Information supplied:
____________________
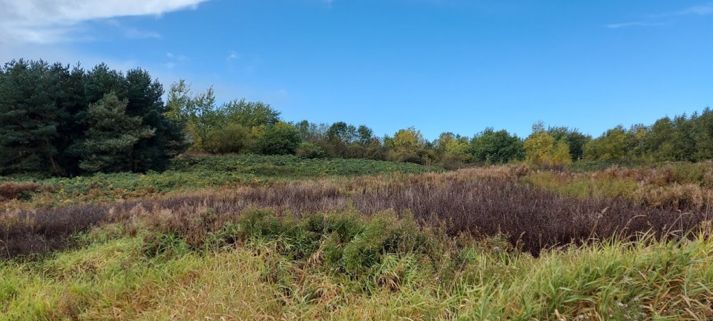 The quadrant is also a patchwork of meadows and woodland. The meadows were formed in the 1980’s when the waste tips were covered in clay and topsoil. The woodland was planted in the 1990’s alongside the existing patches of trees that are remnants of the farmland that originally dominated the area. Oaks, birches and hawthorn are the main trees in this quadrant, along with the odd pine. Unfortunately, I had to stay on my lead for most of the time that we spent in this part of Stadt Moers due to the number of dogwalkers that appeared. I did get to run around off-lead now and again in the quieter areas.
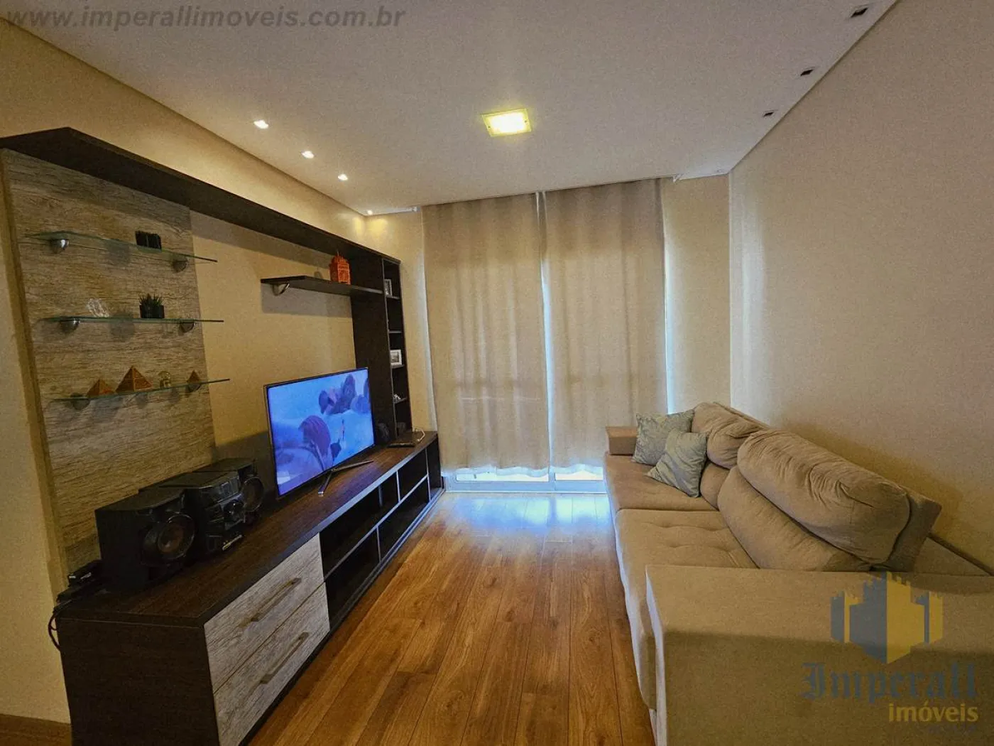 Apartamento Edifício Torres do Parque 87 m² Parque Industrial Sjc. São 3 dormitórios sendo 1 suíte com armários planejados, banheiro social, sala de 2 ambientes, sacada com vista definitiva, área de serviço já com aparelho de aquecimento à gás instalado e uma cozinha no estilo americana repleta de armários.
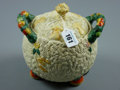 A Clarice Cliff Celtic Harvest biscuit barrel, printed mark to the base 'Clarice Cliff, Newport Pottery Co, England' with embossed word 'England no. 58A', 17 cms high
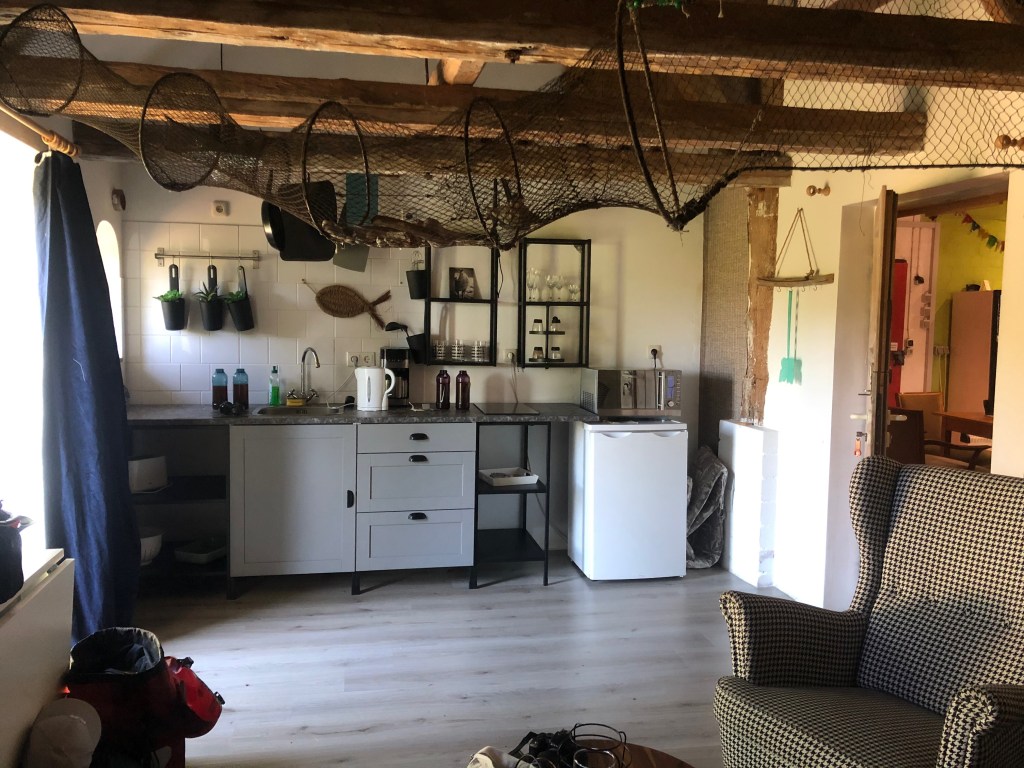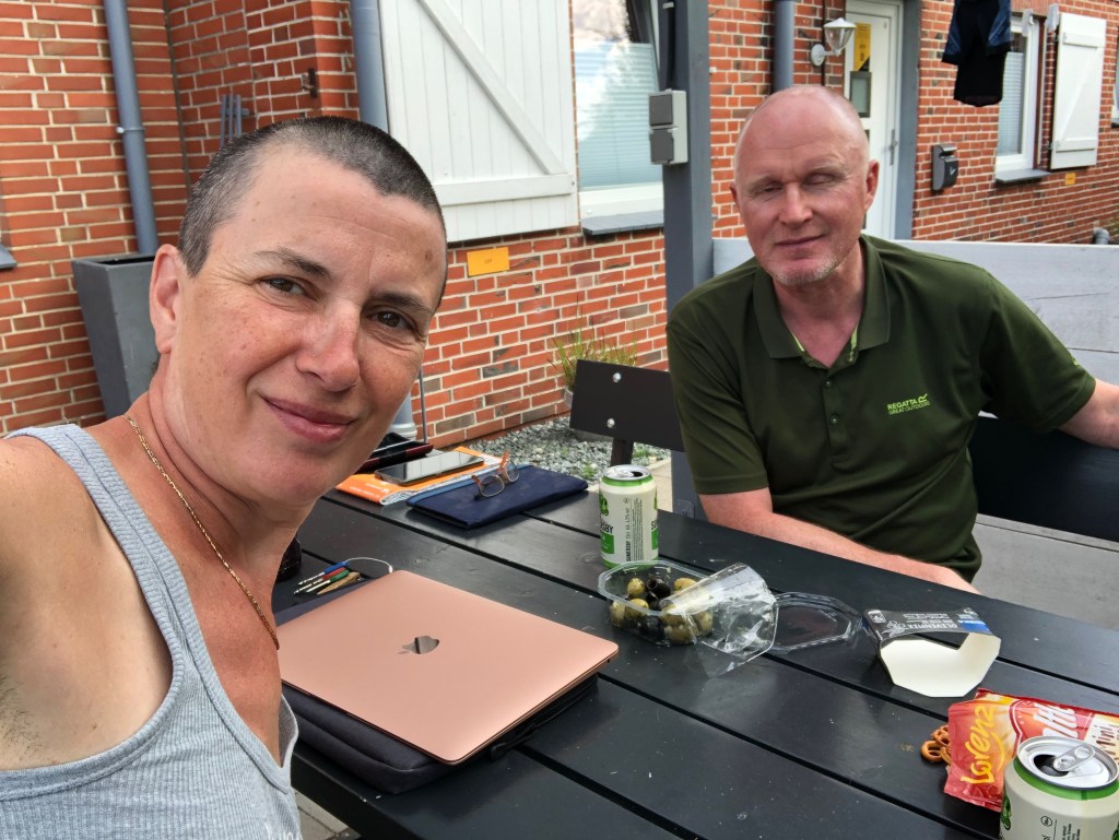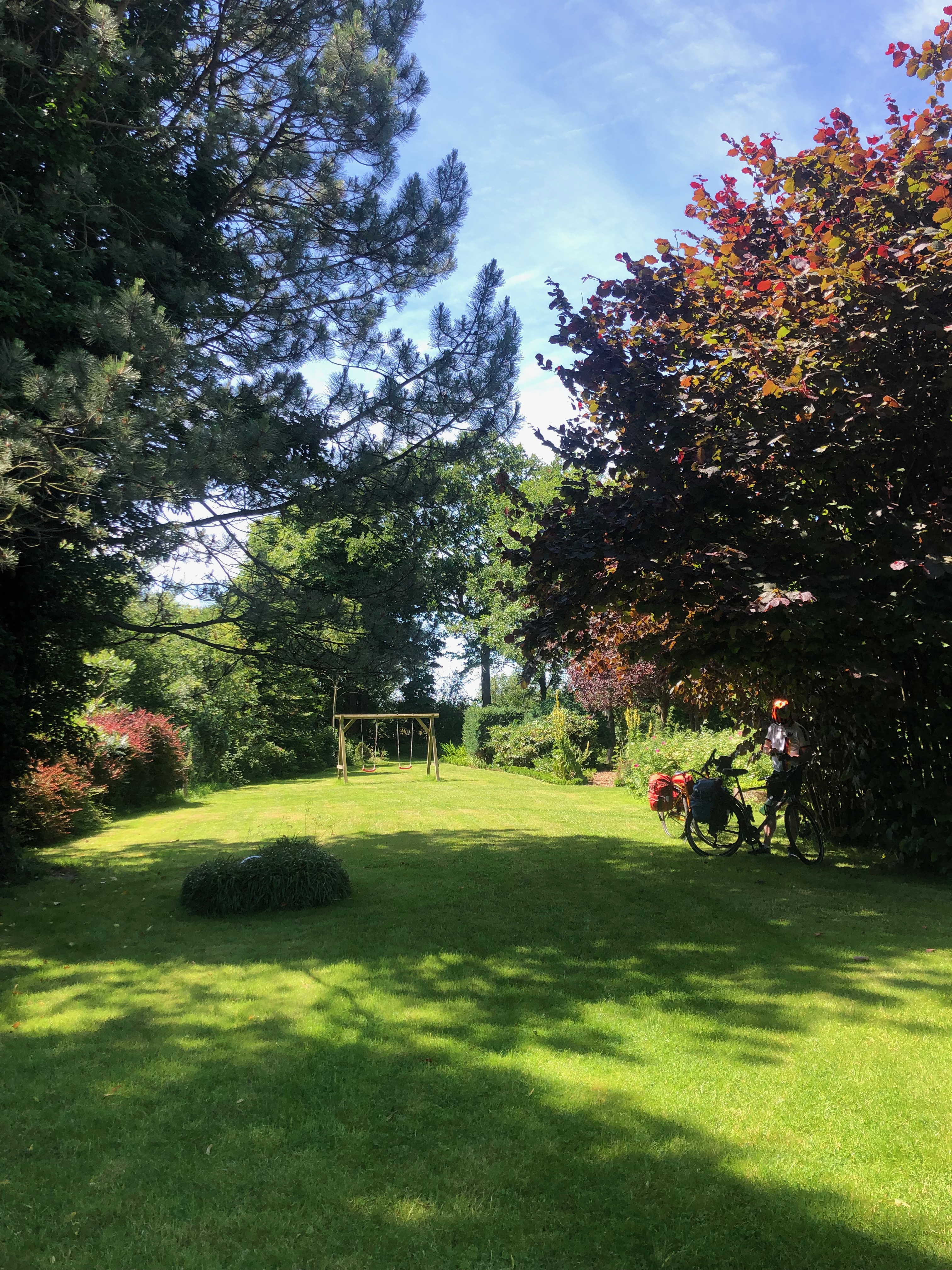 Une fois rassasiés, on repart, renonçant (au moins pour aujourd’hui) à poursuivre le tour de la presqu’île – je veux absolument écrire ma chronique pour Marianne aujourd’hui. On va donc directement à Garding acheter de quoi manger ce soir, puis on va à notre « pension » de ce soir, située à quelques kilomètres au sud de Tating. On y arrive vers 15h20, et ça a vraiment l’air très bien. Un petit jardin à l’arrière nous tend les bras, et c’est là que je m’installe, une fois douchée (et petite lessive faite) pour écrire ma chronique.
____________________
What you should do: Return the material in full, word for word, and skip the pictures.

Answer area:
 The quadrant is also a patchwork of meadows and woodland. The meadows were formed in the 1980’s when the waste tips were covered in clay and topsoil. The woodland was planted in the 1990’s alongside the existing patches of trees that are remnants of the farmland that originally dominated the area. Oaks, birches and hawthorn are the main trees in this quadrant, along with the odd pine. Unfortunately, I had to stay on my lead for most of the time that we spent in this part of Stadt Moers due to the number of dogwalkers that appeared. I did get to run around off-lead now and again in the quieter areas.
 Apartamento Edifício Torres do Parque 87 m² Parque Industrial Sjc. São 3 dormitórios sendo 1 suíte com armários planejados, banheiro social, sala de 2 ambientes, sacada com vista definitiva, área de serviço já com aparelho de aquecimento à gás instalado e uma cozinha no estilo americana repleta de armários.
 A Clarice Cliff Celtic Harvest biscuit barrel, printed mark to the base 'Clarice Cliff, Newport Pottery Co, England' with embossed word 'England no. 58A', 17 cms high
 Une fois rassasiés, on repart, renonçant (au moins pour aujourd’hui) à poursuivre le tour de la presqu’île – je veux absolument écrire ma chronique pour Marianne aujourd’hui. On va donc directement à Garding acheter de quoi manger ce soir, puis on va à notre « pension » de ce soir, située à quelques kilomètres au sud de Tating. On y arrive vers 15h20, et ça a vraiment l’air très bien. Un petit jardin à l’arrière nous tend les bras, et c’est là que je m’installe, une fois douchée (et petite lessive faite) pour écrire ma chronique.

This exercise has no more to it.